• [Your assignment] What you return should be only the lines in the entries below between the one holding "随后,主持人郑战江宣读祭文,举行了隆重的五谷神农祭祀活动。" and the one holding "The K-Frame Speed", ends included, with every picture left out.

• [Record set]
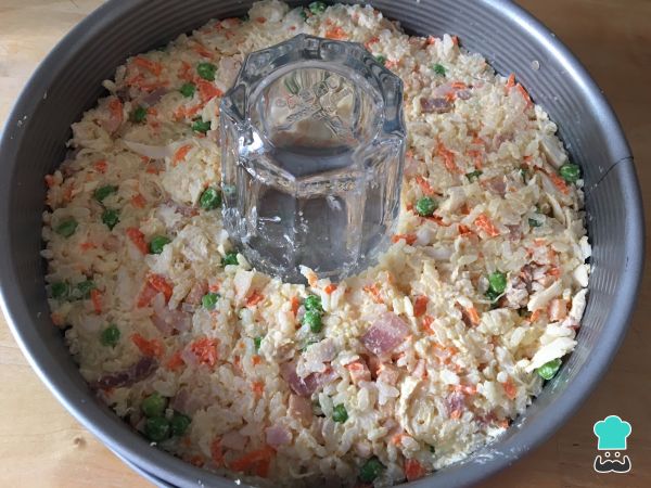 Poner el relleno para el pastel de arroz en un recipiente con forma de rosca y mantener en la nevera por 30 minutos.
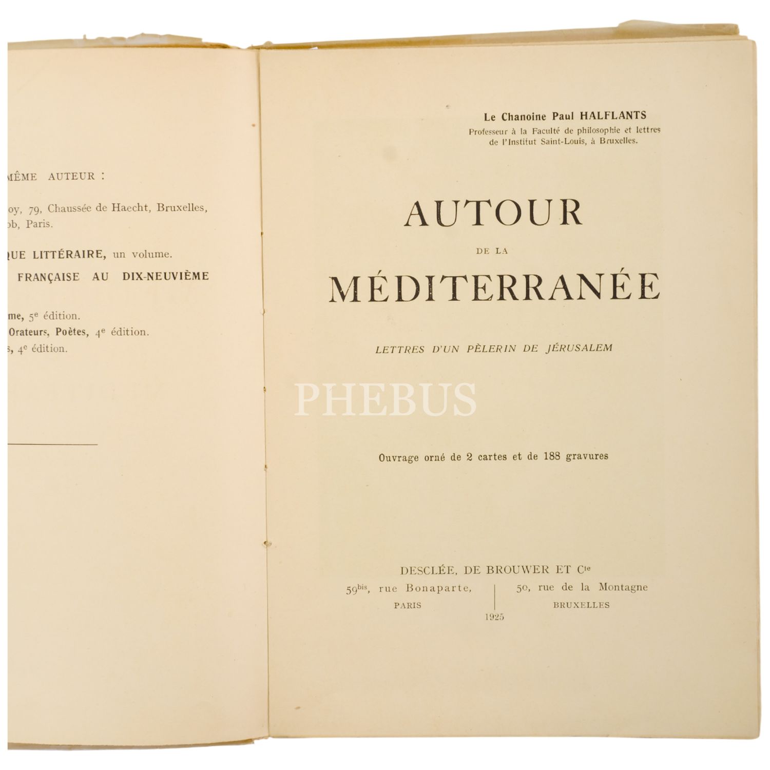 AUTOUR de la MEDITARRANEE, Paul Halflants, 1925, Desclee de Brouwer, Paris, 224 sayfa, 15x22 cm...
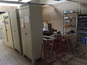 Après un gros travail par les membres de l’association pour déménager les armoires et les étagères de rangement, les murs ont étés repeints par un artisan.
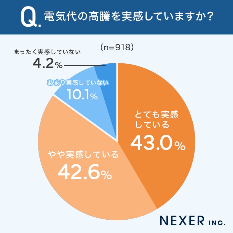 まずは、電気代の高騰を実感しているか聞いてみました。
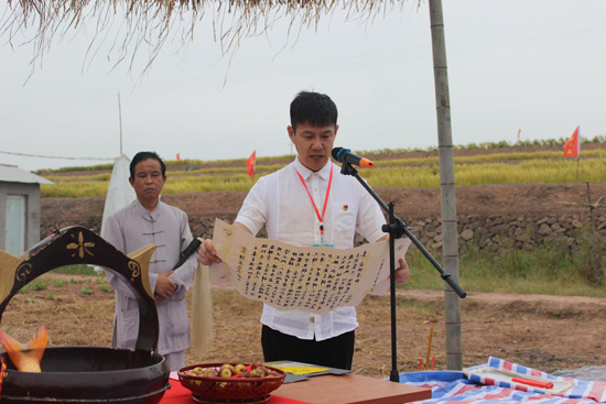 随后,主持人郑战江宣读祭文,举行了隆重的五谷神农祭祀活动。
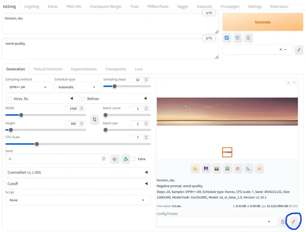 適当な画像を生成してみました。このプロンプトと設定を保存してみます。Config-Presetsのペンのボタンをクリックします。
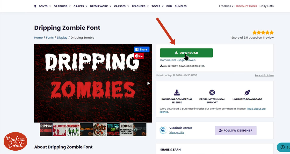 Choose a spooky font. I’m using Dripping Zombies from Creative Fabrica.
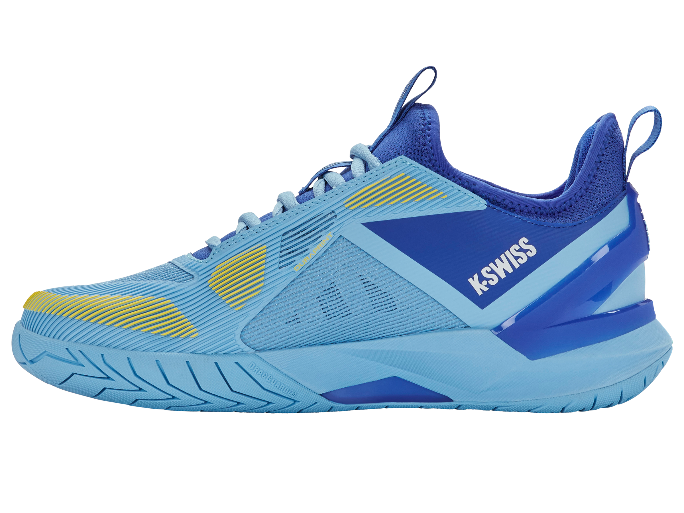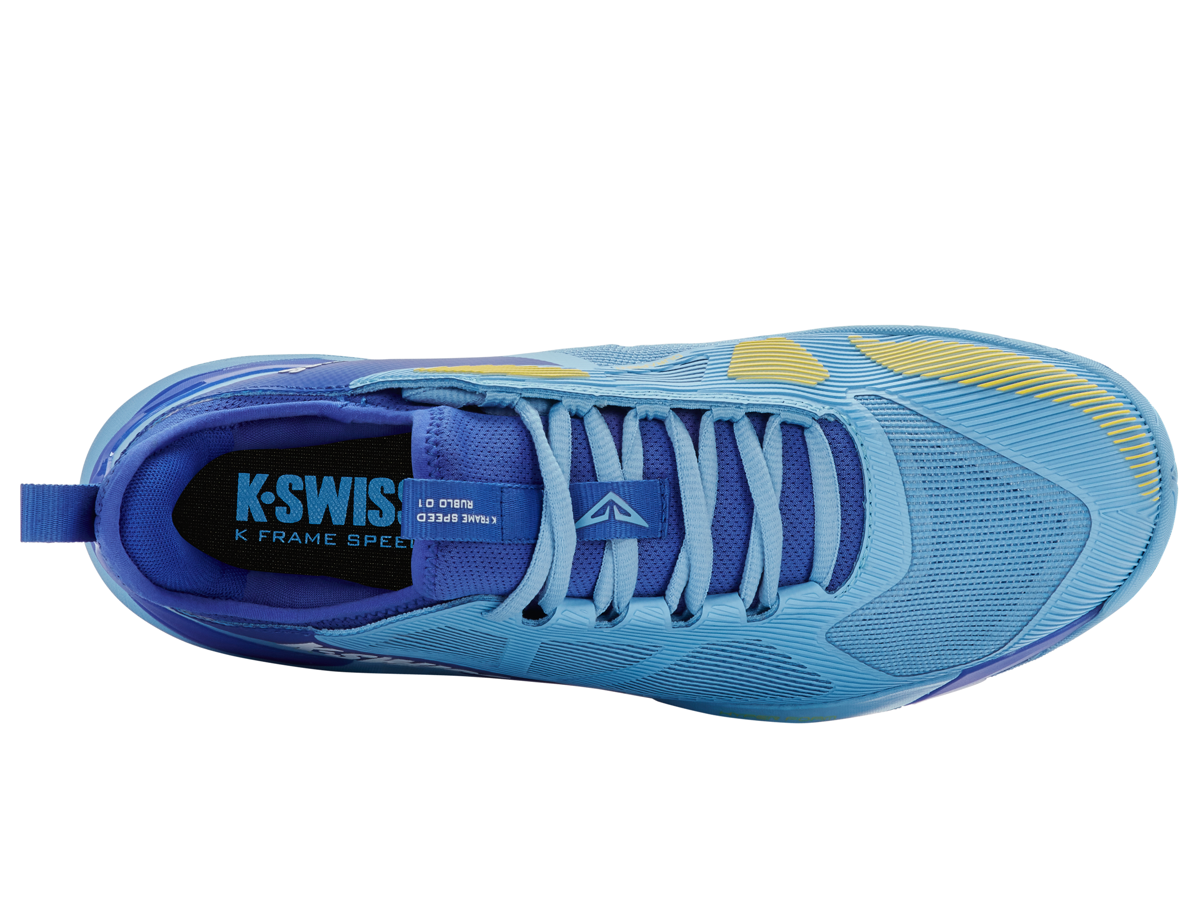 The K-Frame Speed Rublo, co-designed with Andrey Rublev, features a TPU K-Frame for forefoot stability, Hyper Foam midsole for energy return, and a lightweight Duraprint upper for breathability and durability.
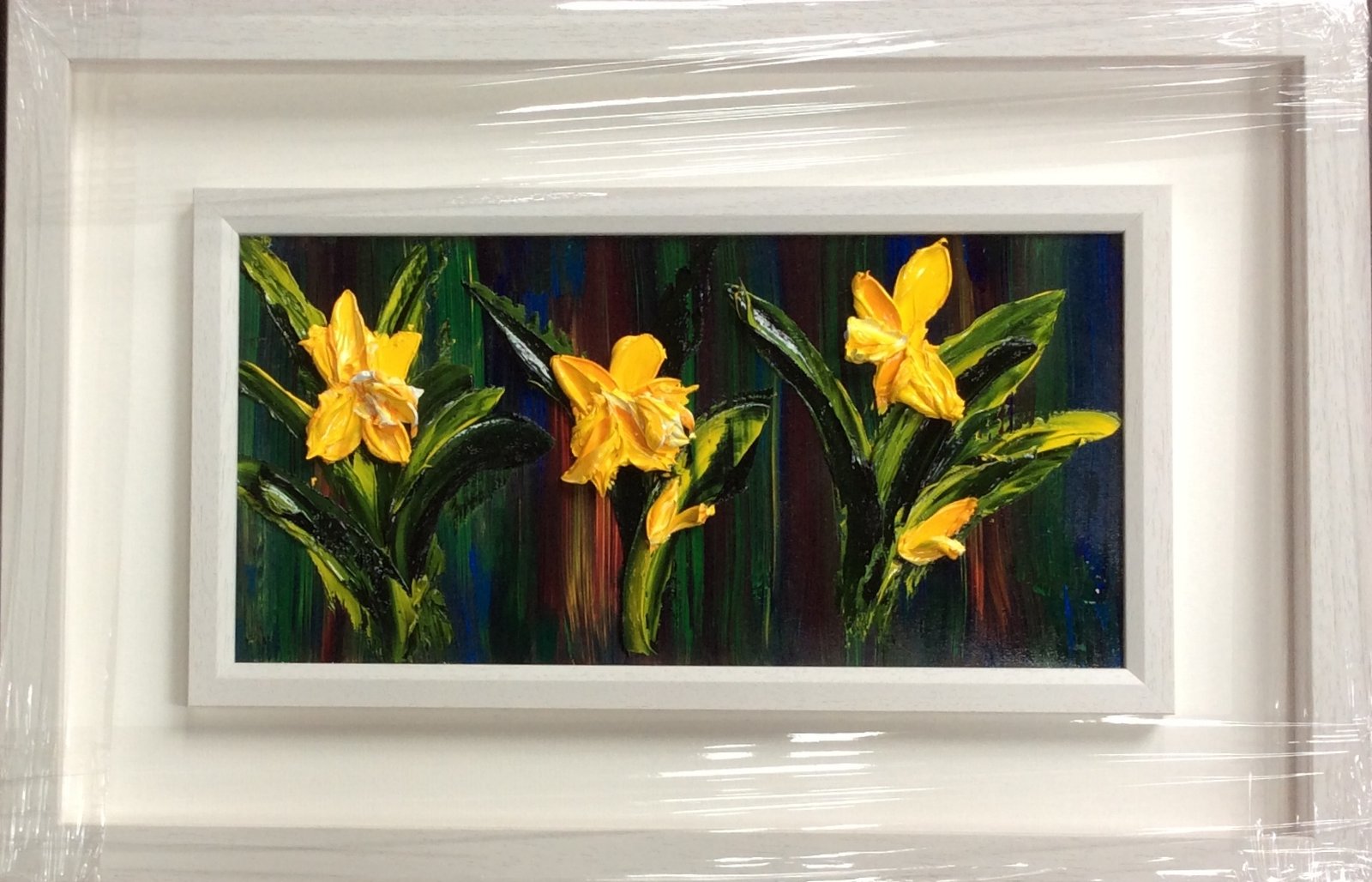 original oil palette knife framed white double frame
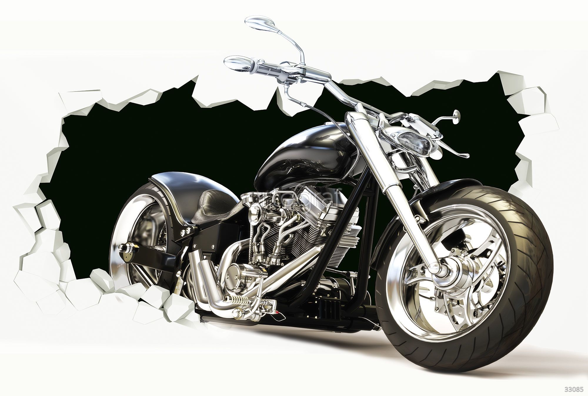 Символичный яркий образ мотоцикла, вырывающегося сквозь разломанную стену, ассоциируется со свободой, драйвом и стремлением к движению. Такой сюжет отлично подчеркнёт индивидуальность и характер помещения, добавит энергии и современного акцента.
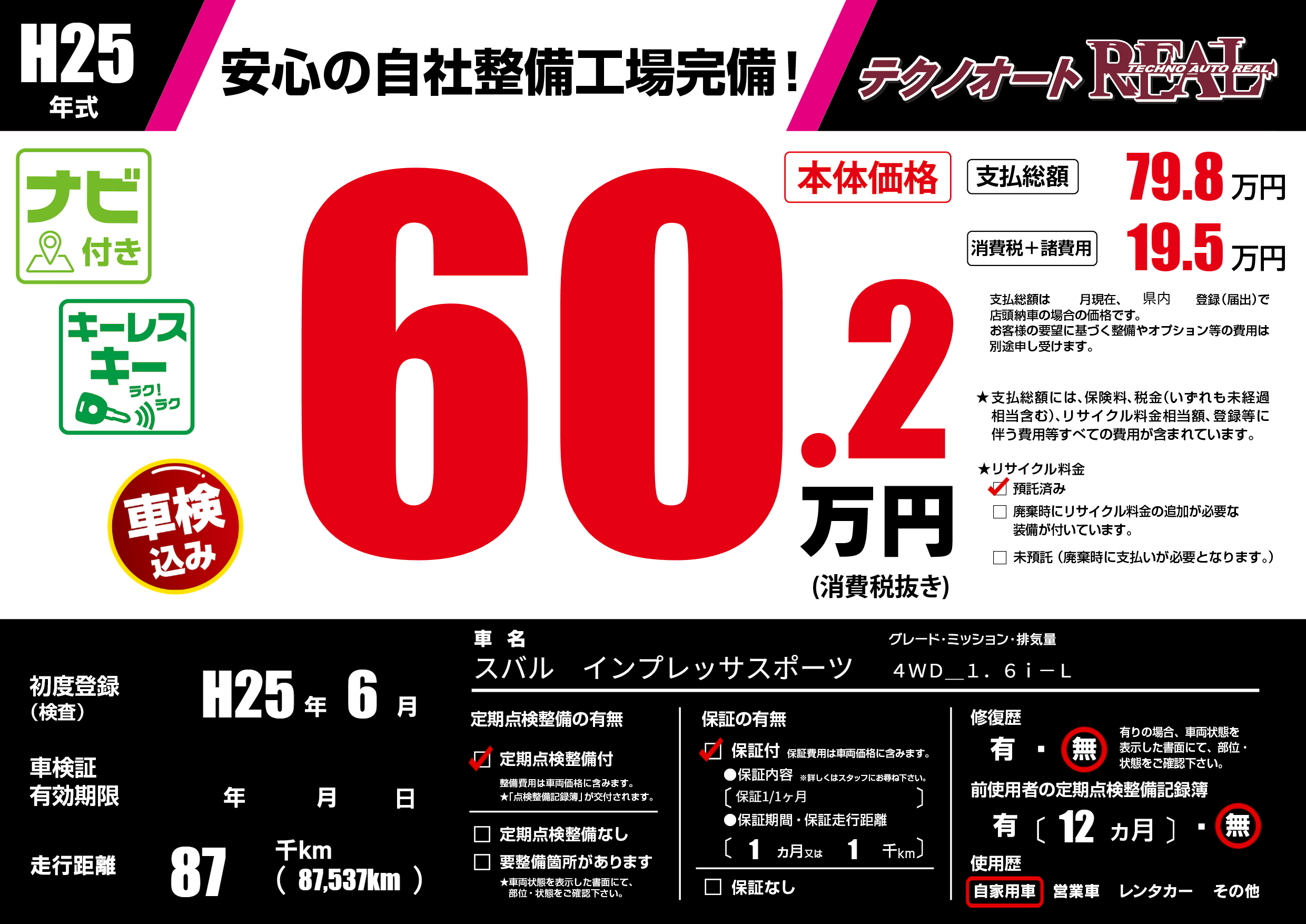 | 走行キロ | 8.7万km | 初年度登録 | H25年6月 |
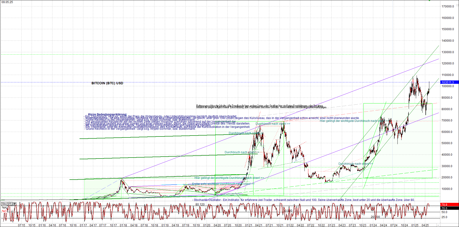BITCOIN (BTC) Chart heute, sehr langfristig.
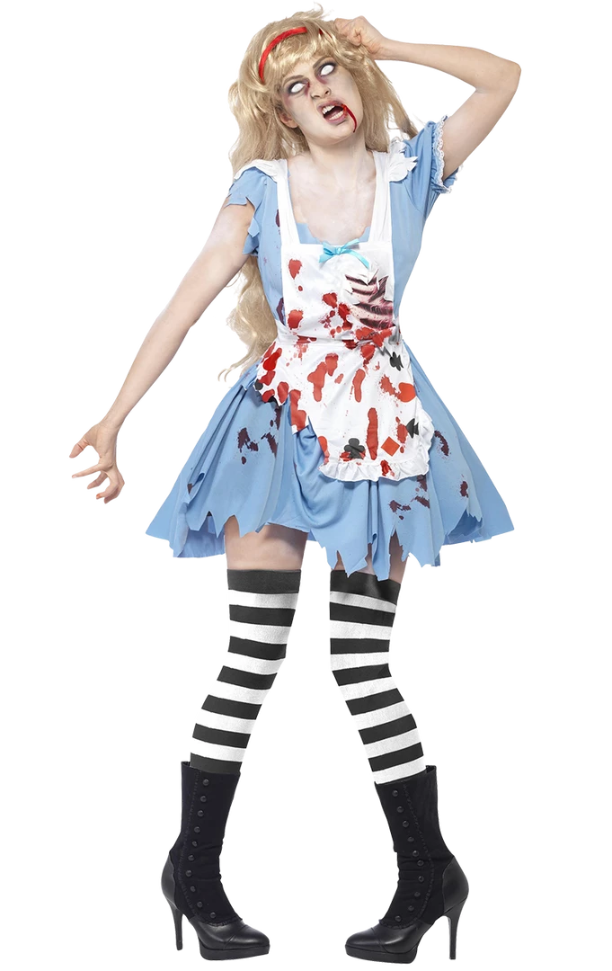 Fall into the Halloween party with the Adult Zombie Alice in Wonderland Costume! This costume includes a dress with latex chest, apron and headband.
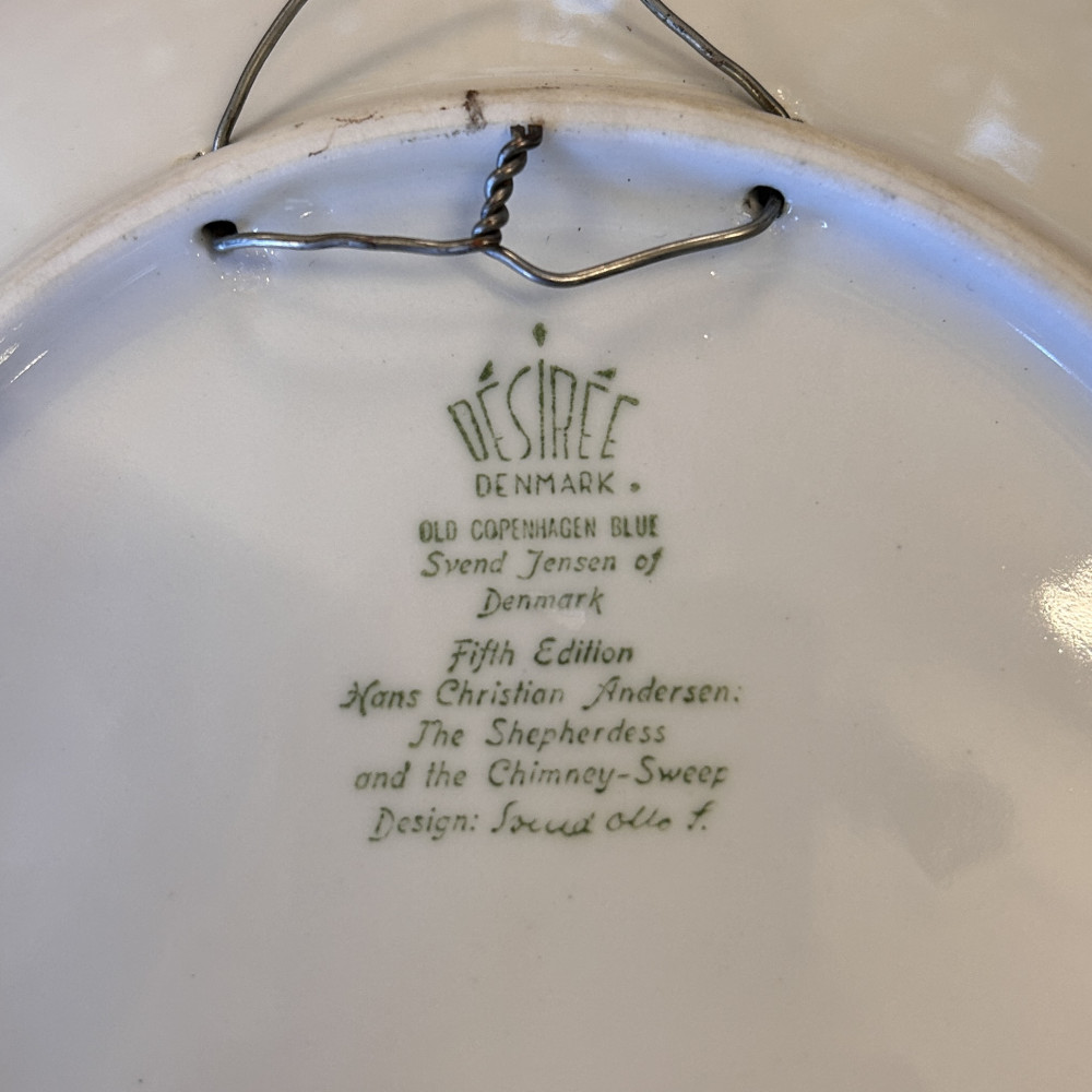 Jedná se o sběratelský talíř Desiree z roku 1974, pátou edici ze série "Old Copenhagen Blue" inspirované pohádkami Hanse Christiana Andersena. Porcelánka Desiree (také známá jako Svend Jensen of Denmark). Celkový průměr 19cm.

• [Expected answer]
 随后,主持人郑战江宣读祭文,举行了隆重的五谷神农祭祀活动。
 適当な画像を生成してみました。このプロンプトと設定を保存してみます。Config-Presetsのペンのボタンをクリックします。
 Choose a spooky font. I’m using Dripping Zombies from Creative Fabrica.
 The K-Frame Speed Rublo, co-designed with Andrey Rublev, features a TPU K-Frame for forefoot stability, Hyper Foam midsole for energy return, and a lightweight Duraprint upper for breathability and durability.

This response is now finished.